As for the election law, voters currently elect the lord mayor and the twenty-three district mayors directly, but they also vote for party lists on the basis of which members of the city council are elected. For some time Fidesz has been toying with the idea of making the lord mayor a less important position; in 2011 there were talks about getting away from direct voting for the mayor of Budapest. Instead, they suggested a setup that would allow the twenty-three mayors to vote for the lord mayor from among themselves. That idea was eventually dropped.

The latest suggestion, which I fear will soon be law, still allows direct voting for the lord mayor, but it completely changes the composition of the city council. The city council would be comprised of the twenty-three district mayors and nine people from the compensation list. That is, from among those who ended up second in the election for district mayoralties. There would be no party lists. According to Lajos Kósa and Antal Rogán, the two MPs who presented the bill, this new electoral law would be much more democratic because in the new system the members of the council would be directly voted on by the electorate as opposed to having an arbitrary party list put together by the different parties. Moreover, Rogán added, it would be much cheaper to run the new council because members of the city council would get no salaries. Being a member of the council would be included in the duties of each district mayor.

Although the claim is that the suggested system will be more democratic than the one now in effect, that is not the case. On the contrary. It is less democratic and, according to constitutional lawyers, might even be unconstitutional. First of all, the members of the city council must represent the entire electorate and not just parts of the whole. After all, only people who live in a particular district are eligible to vote for that district’s mayor. As the quick analysis of Political Capital, the well-known think tank, pointed out, the Fidesz constitution states in Article 35(1) that “voters shall exercise universal and equal suffrage to elect local government representatives and mayors by direct and secret ballot, in elections allowing the free expression of the will of voters, in the manner defined by a cardinal Act.” But if this bill is voted into law, the representatives of the local government, i.e. the city council, will not be elected by all the voters. And there is a second problem that probably makes the new law unconstitutional: the huge differences in population between districts. Political Capital points out that in District I (the Castle district) there are only 20,949 eligible voters while in District XIV there are 92,806. In fact, the Constitutional Court several times ruled on the issue of electoral districts that were in the judges’ opinion too divergent as far as their populations were concerned. By abolishing the party lists, Fidesz prevents the opposition parties from accessing their support across the city as a whole.

In the April parliamentary election Fidesz received 39% of the votes, the United Alliance 37%, Jobbik 12%, and LMP 12%. Portfolio figured out that with the same percentages and under the current rules Fidesz and the United Alliance would both have 13 mandates, Jobbik 4 mandates, and LMP 3 mandates. In the new system, however, Fidesz would have 17 seats on the council, which amounts to 70% of all the available mandates, while E14-PM, DK, and MSZP would have to share 6 mandates.

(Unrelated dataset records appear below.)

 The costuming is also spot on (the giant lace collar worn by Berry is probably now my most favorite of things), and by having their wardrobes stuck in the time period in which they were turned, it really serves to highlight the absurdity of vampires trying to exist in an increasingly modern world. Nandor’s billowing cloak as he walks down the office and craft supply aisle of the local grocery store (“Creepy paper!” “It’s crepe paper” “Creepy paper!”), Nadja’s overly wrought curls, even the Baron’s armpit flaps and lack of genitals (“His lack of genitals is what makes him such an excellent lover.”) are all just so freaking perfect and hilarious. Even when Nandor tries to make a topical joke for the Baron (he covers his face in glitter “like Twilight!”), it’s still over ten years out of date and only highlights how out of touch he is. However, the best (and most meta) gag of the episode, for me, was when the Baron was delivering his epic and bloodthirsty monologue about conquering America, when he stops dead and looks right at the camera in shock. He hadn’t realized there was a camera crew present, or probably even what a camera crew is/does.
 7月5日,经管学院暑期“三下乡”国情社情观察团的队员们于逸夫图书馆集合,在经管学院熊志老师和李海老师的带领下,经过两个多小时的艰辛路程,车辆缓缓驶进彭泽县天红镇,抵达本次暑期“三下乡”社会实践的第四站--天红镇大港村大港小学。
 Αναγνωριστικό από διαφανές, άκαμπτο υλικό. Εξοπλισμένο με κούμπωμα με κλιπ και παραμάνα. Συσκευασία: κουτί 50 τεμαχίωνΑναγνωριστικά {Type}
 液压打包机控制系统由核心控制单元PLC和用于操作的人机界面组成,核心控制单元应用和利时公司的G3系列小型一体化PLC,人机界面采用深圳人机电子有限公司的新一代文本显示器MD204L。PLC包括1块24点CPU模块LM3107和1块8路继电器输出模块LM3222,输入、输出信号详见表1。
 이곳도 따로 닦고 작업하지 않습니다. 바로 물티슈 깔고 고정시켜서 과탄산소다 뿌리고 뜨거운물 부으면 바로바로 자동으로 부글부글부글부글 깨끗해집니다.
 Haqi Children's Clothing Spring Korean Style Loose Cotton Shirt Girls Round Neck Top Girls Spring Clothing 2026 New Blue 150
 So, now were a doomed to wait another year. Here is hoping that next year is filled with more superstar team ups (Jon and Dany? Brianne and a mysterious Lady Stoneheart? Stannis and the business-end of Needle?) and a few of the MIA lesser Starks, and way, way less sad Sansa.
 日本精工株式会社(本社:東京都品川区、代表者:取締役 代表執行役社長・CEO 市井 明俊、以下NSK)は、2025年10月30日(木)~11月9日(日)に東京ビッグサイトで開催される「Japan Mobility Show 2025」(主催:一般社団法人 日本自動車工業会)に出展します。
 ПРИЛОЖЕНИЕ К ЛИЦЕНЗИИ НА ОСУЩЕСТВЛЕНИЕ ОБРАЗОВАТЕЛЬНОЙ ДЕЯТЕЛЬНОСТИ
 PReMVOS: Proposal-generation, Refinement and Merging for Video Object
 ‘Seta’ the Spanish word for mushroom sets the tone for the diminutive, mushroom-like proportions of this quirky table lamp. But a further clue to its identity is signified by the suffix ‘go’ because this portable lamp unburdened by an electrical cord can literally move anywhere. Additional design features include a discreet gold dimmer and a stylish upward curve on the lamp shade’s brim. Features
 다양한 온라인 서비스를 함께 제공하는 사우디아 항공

LMP and Jobbik wouldn’t even have seats on the city council. If Fidesz is generous and there is still compensation, assuming 10 more seats and the old “list system,” Fidesz would have 21 seats, Együtt-PM-DK-MSZP 10, LMP 1, and Jobbik 1. No matter how Fidesz fine tunes the law, it will make sure that it dominates the council and controls the fate of Budapest.

No wonder that they are having fun

Lajos Kósa and Antal Rogán: No wonder they are having fun

The opposition parties are up in arms. The most straightforward and hardest hitting criticism came from DK, Együtt14-PM, and Gábor Fodor’s liberals. They call it what it is: electoral fraud. DK is seeking remedies at the Constitutional Court, but by now Fidesz-appointed justices are in the great majority on the thirteen-member body. MSZP’s Csaba Horváth focused more on the negative results of decentralization, which was not the most effective response to this latest Fidesz coup. The others are right: Fidesz just figured out a way to make sure that they will win in Budapest regardless of the strength of the left.

Just as I said at the beginning, Viktor Orbán and his friends have no shame. They no longer even try to hide their plans to deprive their opponents of their rightful representation. Hungary is marching rapidly toward a one-party system.

The plight of the homeless in Hungary

Perhaps I haven’t spent enough time on the plight of the homeless in Hungary. The United Nations estimates the number of homeless people in Hungary at 30-35,000, of whom about 8,000 are in Budapest. Some of them live in homeless shelters; others, afraid of being robbed, refuse to go there. In any case, there are only about 5,500 places, which is not enough. Some of those counted as homeless managed to build primitive huts in the mountains in Buda.

It was clear from the start that this government was not going to try to find a humane solution to a growing problem. Instead, its goal was to hide the homeless from sight.  Surely, they are not good for tourism. So, let’s expel them by force of law from the most frequented places.

István Tarlós, the mayor of Budapest, was one of the first who decided “to solve” this problem. The Fidesz majority on the City Council passed a local ordinance that banned the homeless from public places. Some people in the central government liked this idea so much that they proposed a law that extended the ban to the whole country. Offenders could have been jailed or fined up to $650. Fining people who can barely keep body and soul together is naturally a ludicrous idea. Punishing somebody with a jail sentence because he has no shelter over his head is inhumane.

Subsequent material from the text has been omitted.